___ DATASET ENTRIES

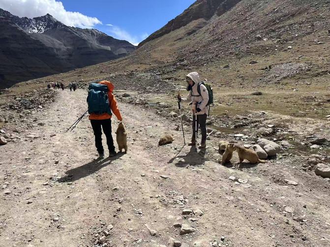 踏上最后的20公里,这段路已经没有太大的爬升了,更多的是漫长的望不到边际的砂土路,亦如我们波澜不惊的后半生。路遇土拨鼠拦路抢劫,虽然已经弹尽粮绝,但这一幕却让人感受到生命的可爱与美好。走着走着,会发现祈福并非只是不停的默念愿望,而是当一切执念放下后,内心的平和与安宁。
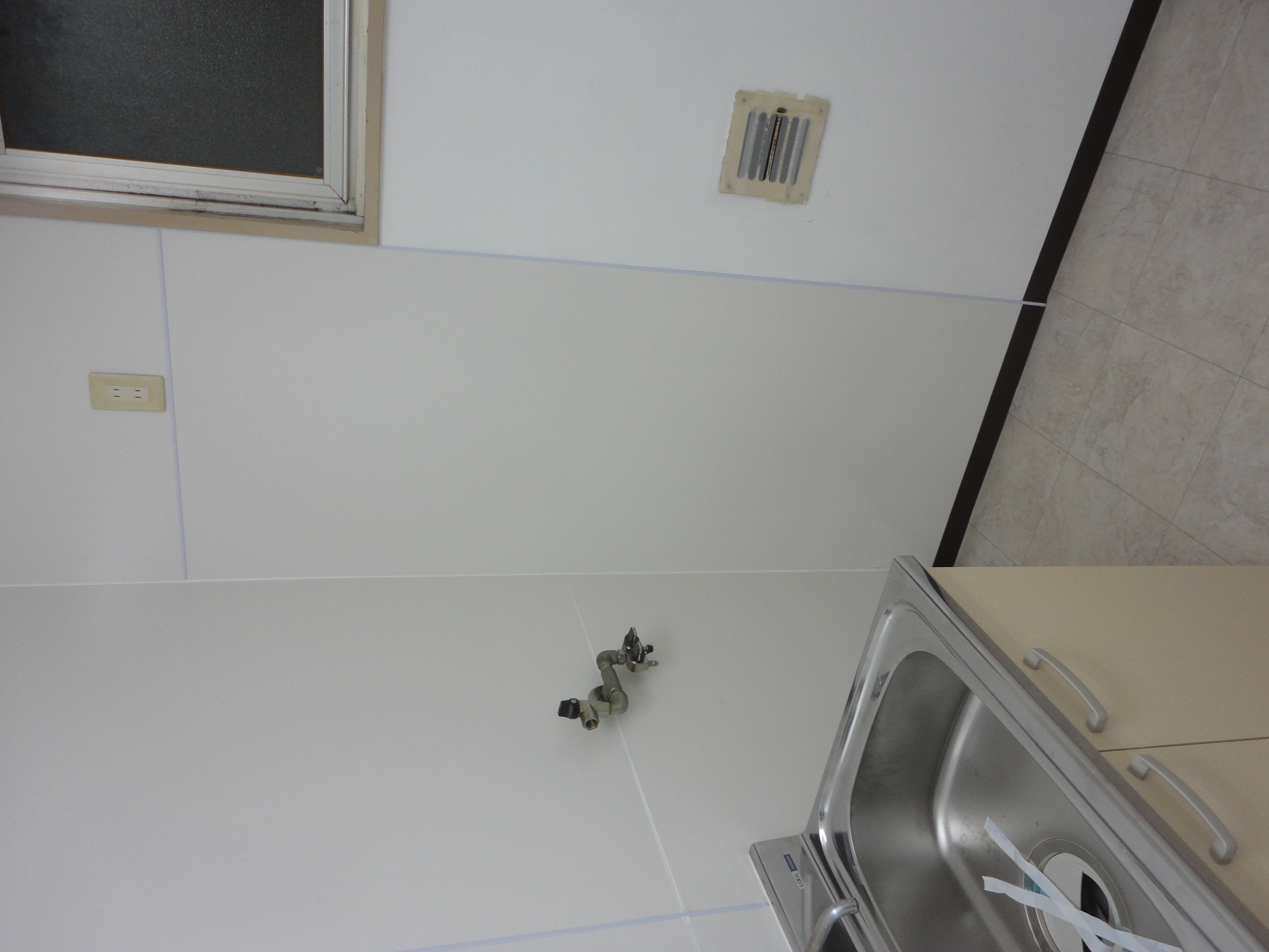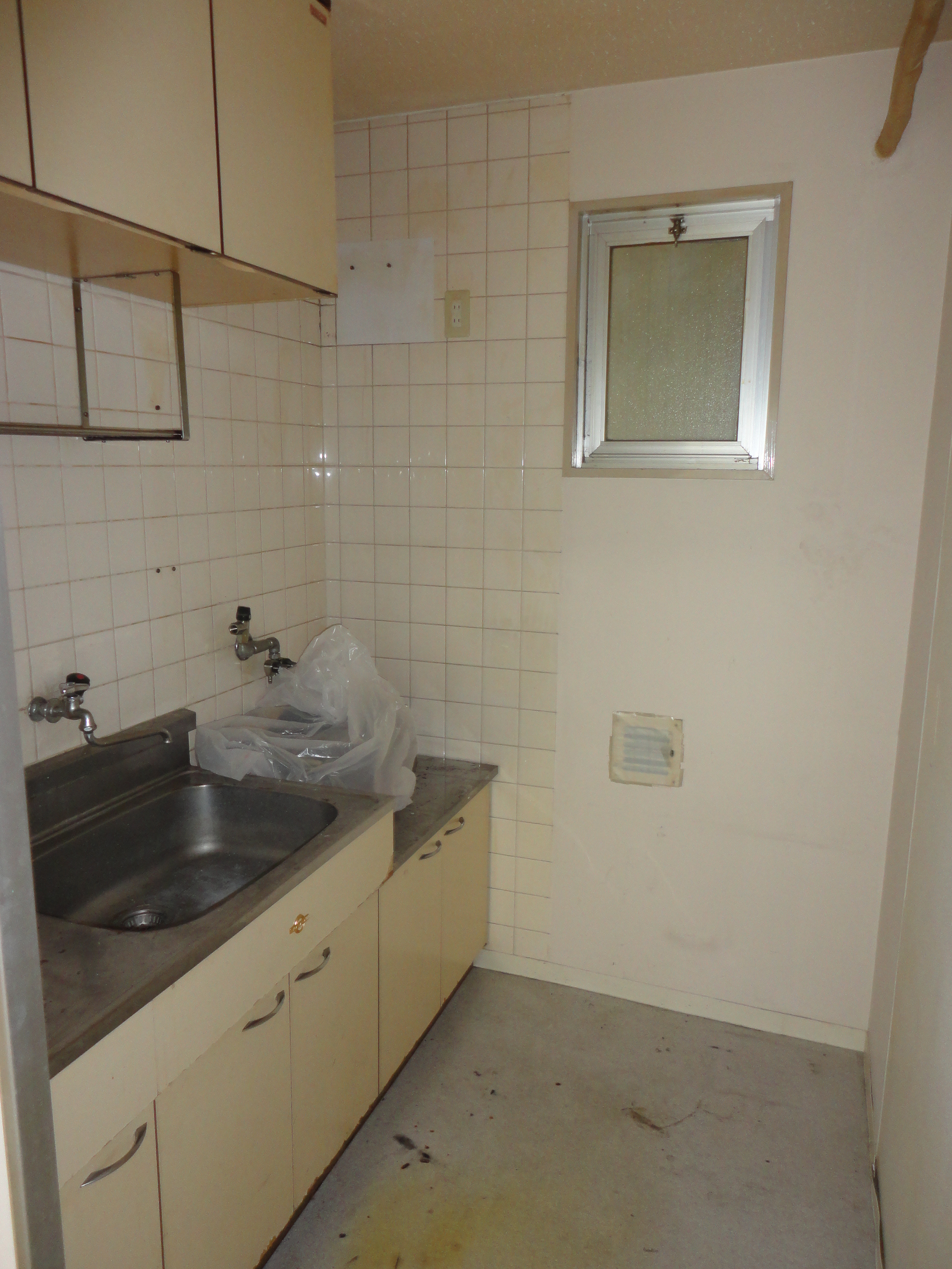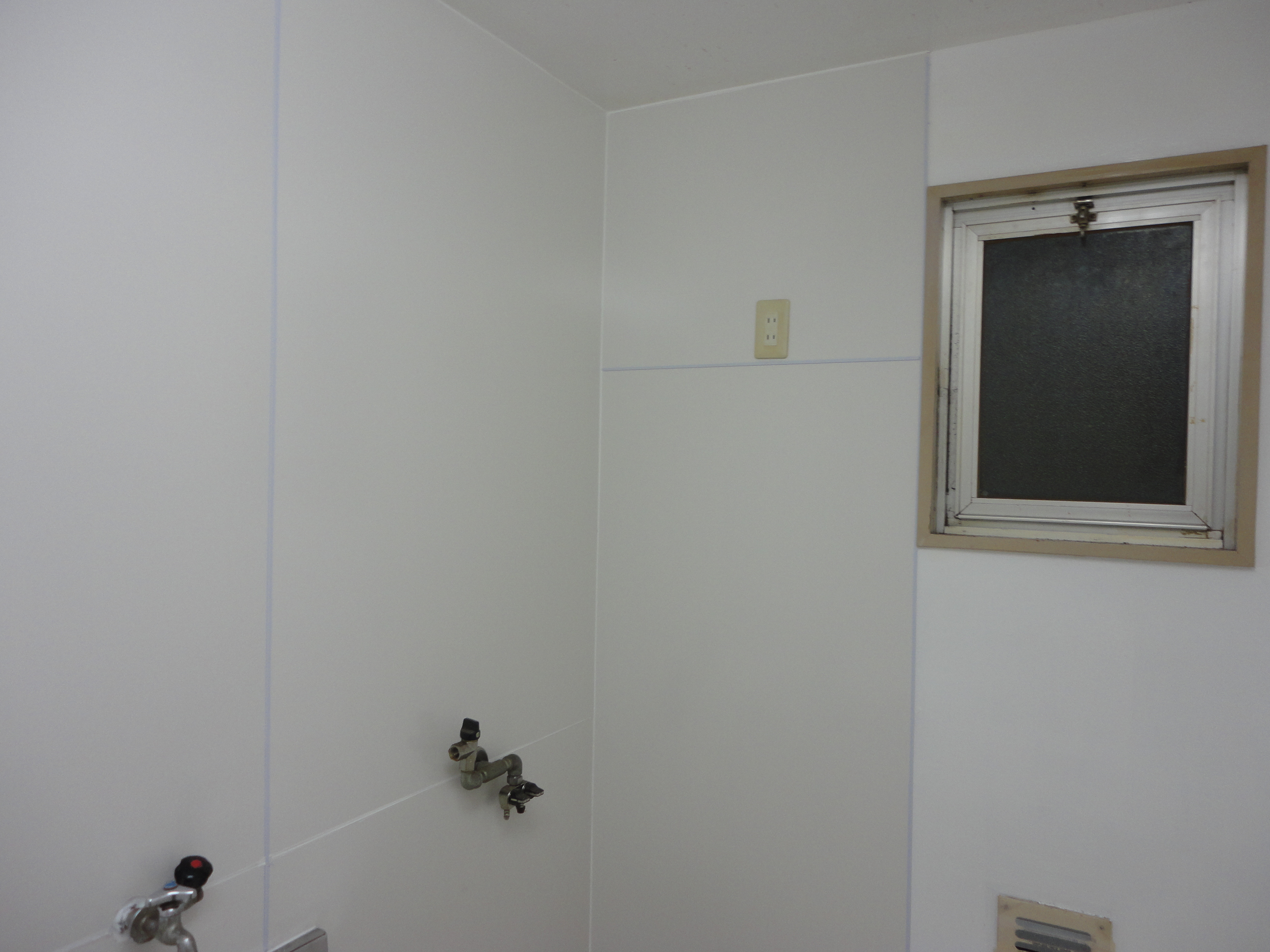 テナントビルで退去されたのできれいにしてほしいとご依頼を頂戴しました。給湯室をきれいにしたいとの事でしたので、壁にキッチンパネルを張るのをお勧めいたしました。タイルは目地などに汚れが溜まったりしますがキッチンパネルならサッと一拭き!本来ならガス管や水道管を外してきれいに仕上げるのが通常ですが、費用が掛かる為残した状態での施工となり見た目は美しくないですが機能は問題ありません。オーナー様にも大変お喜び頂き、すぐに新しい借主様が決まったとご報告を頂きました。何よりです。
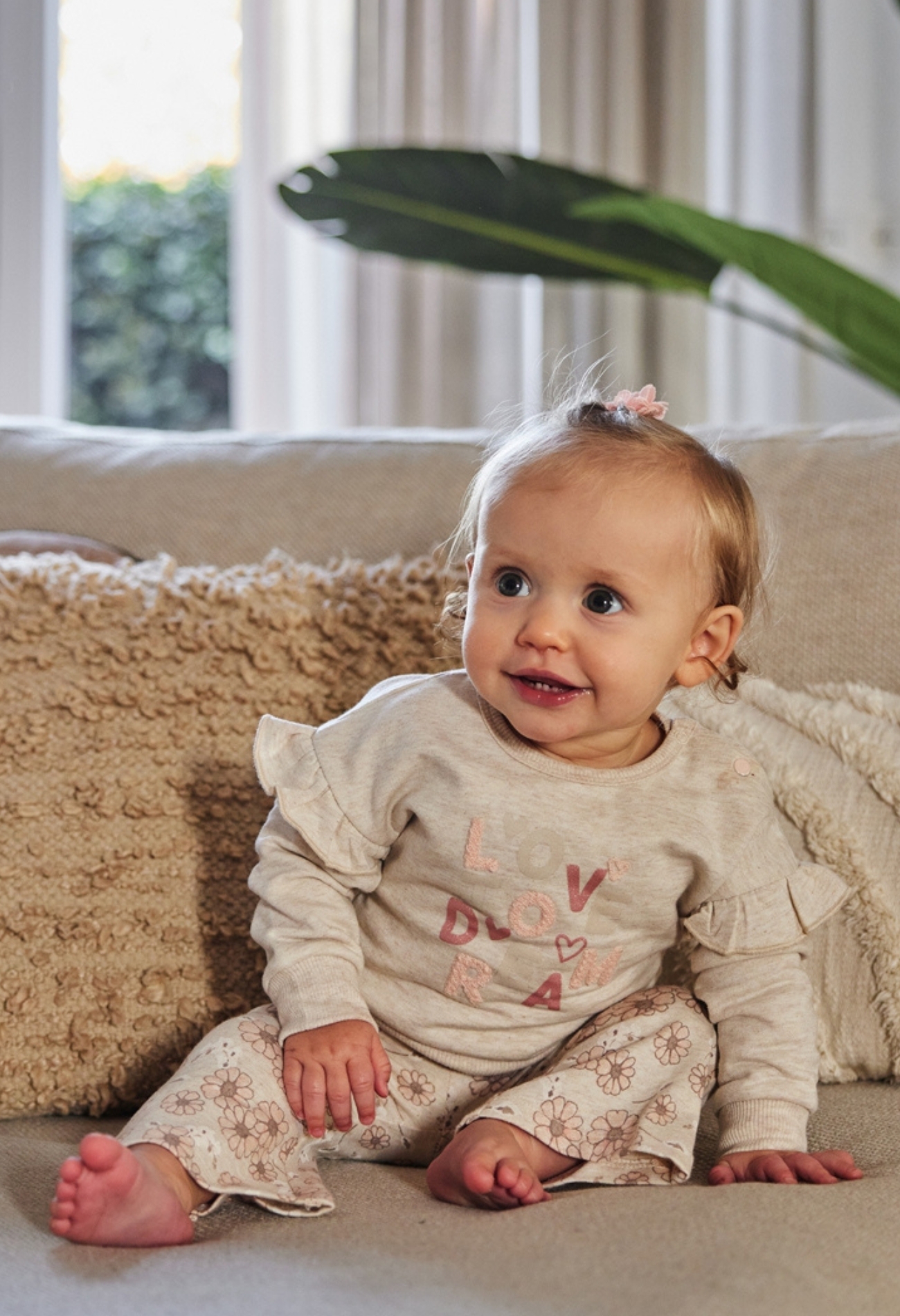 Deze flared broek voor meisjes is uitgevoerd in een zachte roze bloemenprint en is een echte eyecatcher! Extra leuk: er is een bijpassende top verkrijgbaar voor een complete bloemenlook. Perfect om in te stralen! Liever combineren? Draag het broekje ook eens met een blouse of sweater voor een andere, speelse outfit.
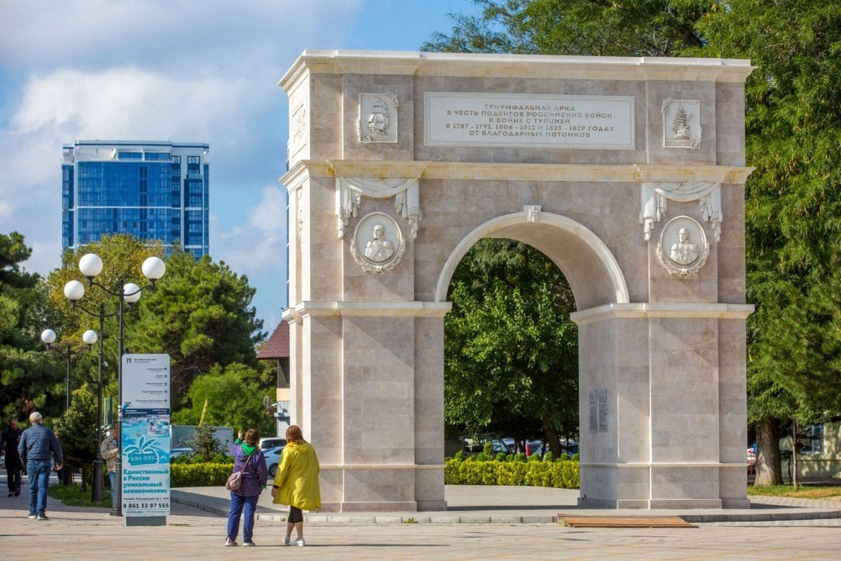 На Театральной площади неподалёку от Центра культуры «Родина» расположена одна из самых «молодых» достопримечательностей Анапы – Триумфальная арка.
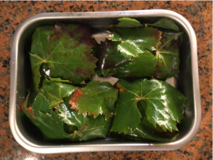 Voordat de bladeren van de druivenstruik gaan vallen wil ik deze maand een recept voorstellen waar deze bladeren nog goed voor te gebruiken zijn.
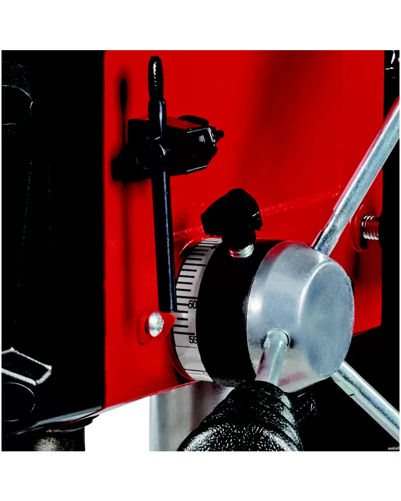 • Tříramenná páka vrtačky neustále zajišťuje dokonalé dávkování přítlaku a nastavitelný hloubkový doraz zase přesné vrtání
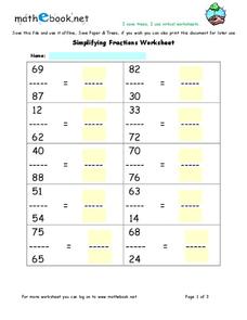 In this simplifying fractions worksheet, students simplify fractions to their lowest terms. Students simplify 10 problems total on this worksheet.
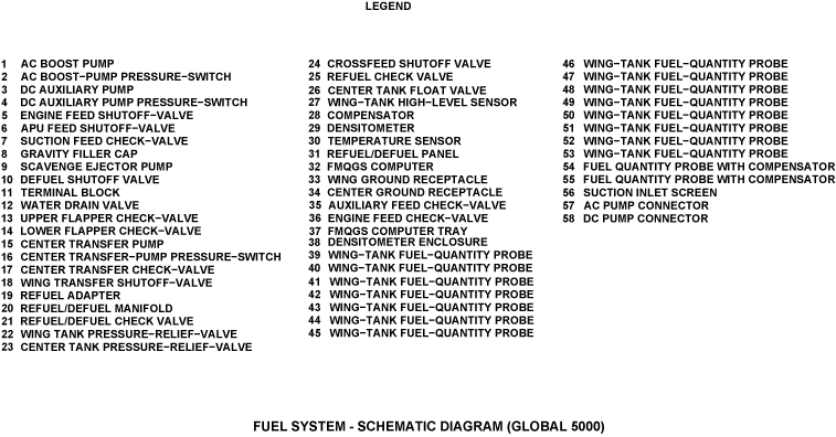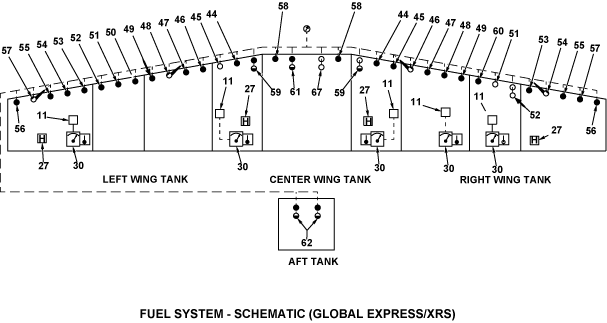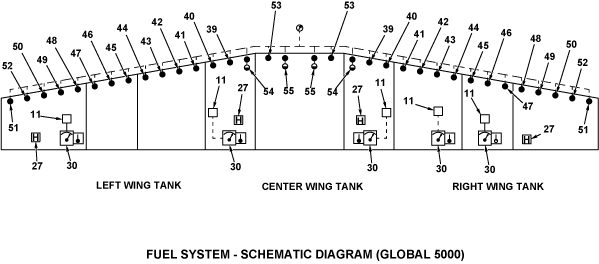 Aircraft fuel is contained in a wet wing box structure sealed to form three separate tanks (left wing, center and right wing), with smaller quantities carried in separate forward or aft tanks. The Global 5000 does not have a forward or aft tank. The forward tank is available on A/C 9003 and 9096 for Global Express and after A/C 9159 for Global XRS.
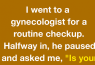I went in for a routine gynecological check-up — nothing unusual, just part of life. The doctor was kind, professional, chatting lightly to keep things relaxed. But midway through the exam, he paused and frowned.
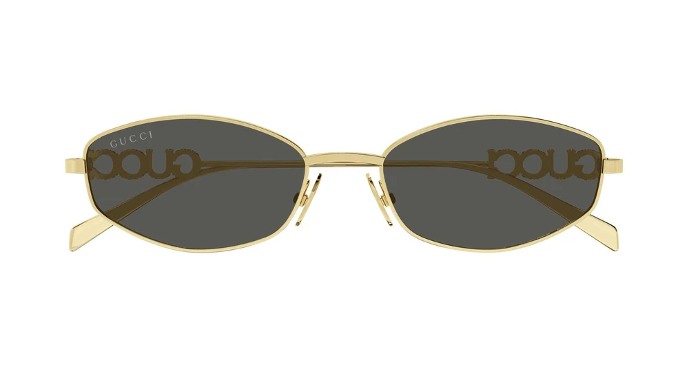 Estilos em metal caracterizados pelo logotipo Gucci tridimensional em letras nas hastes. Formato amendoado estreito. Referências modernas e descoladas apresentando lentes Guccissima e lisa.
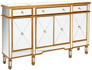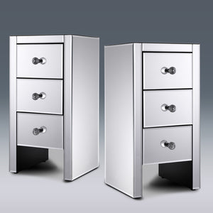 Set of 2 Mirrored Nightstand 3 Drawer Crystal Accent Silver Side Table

______

• **TASK INSTRUCTIONS**
Reproduce, word for word, everything in the listing above from the line containing "Voordat de bladeren" down to the line containing "I went in for", both of them included. No pictures.

• **EXERCISE RESPONSE**
 Voordat de bladeren van de druivenstruik gaan vallen wil ik deze maand een recept voorstellen waar deze bladeren nog goed voor te gebruiken zijn.
 • Tříramenná páka vrtačky neustále zajišťuje dokonalé dávkování přítlaku a nastavitelný hloubkový doraz zase přesné vrtání
 In this simplifying fractions worksheet, students simplify fractions to their lowest terms. Students simplify 10 problems total on this worksheet.
 Aircraft fuel is contained in a wet wing box structure sealed to form three separate tanks (left wing, center and right wing), with smaller quantities carried in separate forward or aft tanks. The Global 5000 does not have a forward or aft tank. The forward tank is available on A/C 9003 and 9096 for Global Express and after A/C 9159 for Global XRS.
I went in for a routine gynecological check-up — nothing unusual, just part of life. The doctor was kind, professional, chatting lightly to keep things relaxed. But midway through the exam, he paused and frowned.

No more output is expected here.